There is a body of literature dealing with the improper use of statistical significance within economic analysis. Amongthe problematic usages that have been identified are fundamental misunderstandings about the influence of sample design and size on statistical significance, an excessive focus on statistical significance to the exclusion of economic and policy significance, and a harmful conflation of these two very different types of significance. An analysis of 51 agricultural economics papers reviewed and presented at an African conference in 2010 finds improper usage of statistical significance that is comparable or worse in nature and extent to that found in a previous meta analysis focusing on published articles in the American Economic Review in the 1980s and 1990s: well over half of the papers employed what is termed "sign" and "asterisks" econometrics.

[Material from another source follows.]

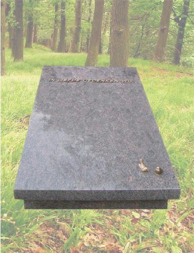 De grafzerk is vervaardigd uit Himalaya graniet met vogeltjes van brons, de opschrift bestaat uit bronzen letters.
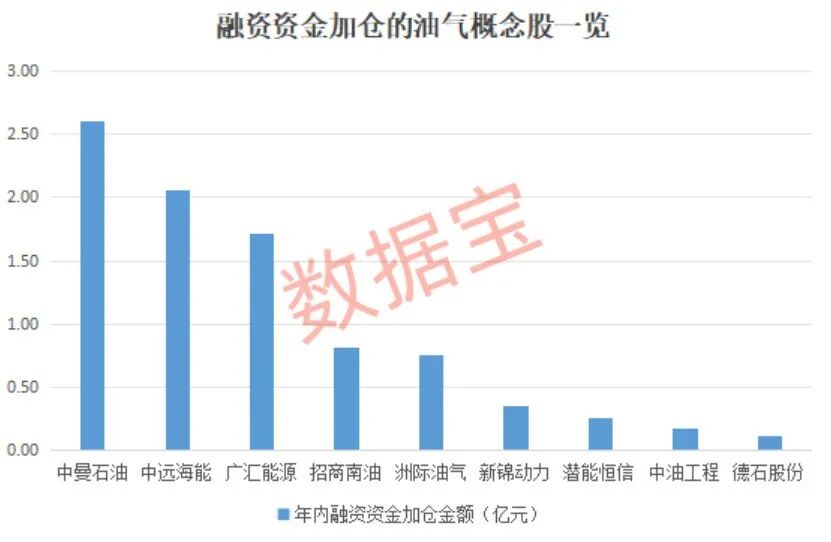从资金加仓来看,年内9只油气开采概念股获融资资金加仓,中曼石油、中远海能、广汇能源加仓金额最高,分别为2.61亿元、2.05亿元、1.71亿元,招商南油、洲际油气、新锦动力加仓金额均在3000万元以上。

Overall, the findings underline the need for clearly stated and consistent analytical methods in producing papers as well as for careful review and selection of papers that employ regression analysis.

Suggested Citation

  • C.N. Mbatha & M.A. Gustafsson, 2013. "The standard error of regressions: a note on new evidence of significance misuse," Agrekon, Taylor & Francis Journals, vol. 52(1), pages 28-39, March.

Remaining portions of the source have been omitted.